When we meet Sophie she is in her bedroom, sparsely furnished , but she has the key, which is an important symbol of her freedom.   We find that the crucifix on the wall was removed to a drawer.

Sophie  tells us with warmth about her boyfriend Alex, whom she met when she was 14, and loves because he is kind, gentle with her, her family like him (except her mother, who thinks he is too old for her and is suspicious of him), and she willingly goes to London with him otherwise she will not see him for 3 or 4 months.  She says that Alex warned her about people who would try to turn her against him, but that he loves her, and would not harm her – it is not his fault that he is in trouble and she would never betray him to Bernie or the police, who keep asking her questions about him.

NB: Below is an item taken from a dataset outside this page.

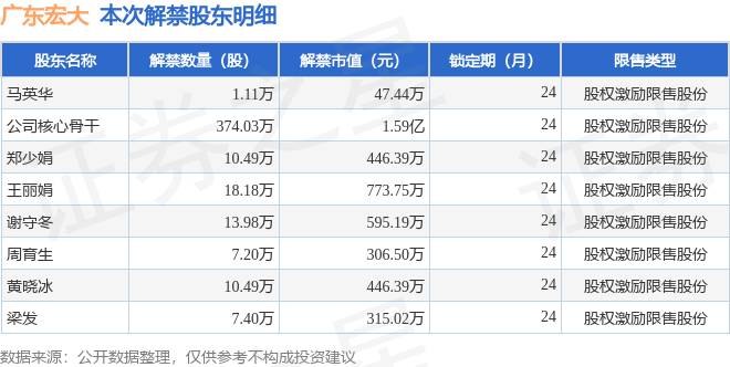 证券之星消息,根据市场公开信息整理,广东宏大(002683)于12月25日将有442.87万股限售股份解禁,为公司股权激励限售股份,占公司总股本0.58%。(本次数据根据历史公告整理得出,实际情况以上市公司最新公告为准)本次解禁后,公司还有9536.73万股限售股份,占总股本12.55%。具体如下图所示:

Clearly she is in denial over her circumstances; very certain that she has chosen to have sex with men in order to help her boyfriend, Alex, who needs the money to pay off his debt to a “bad man”.  She shows violence when challenged about her situation, but over the length of the play (and over the 45 days she has which are gradually dwindling), she starts to question herself, and gradually her story of deception, grooming, betrayal, comes out until on the last day she finally realises the extent to which she been betrayed by her “true love”.  Left bereft, cigarette burns that are revealed (stigmata?) “this is my body” (the crucifix went back on the wall about two thirds of the way through the play), we are left in tears, feeling her emotional pain, seeing her hopeless and helpless, and wondering what the future holds for her.

The play reveals the shocking reality of sex trafficking and the failure of the system to adequately respond to and support the victims.  It showed powerfully and relentlessly that 45 days can be insufficient time for a highly traumatised victim to recover sufficiently to be able to walk free and move forward.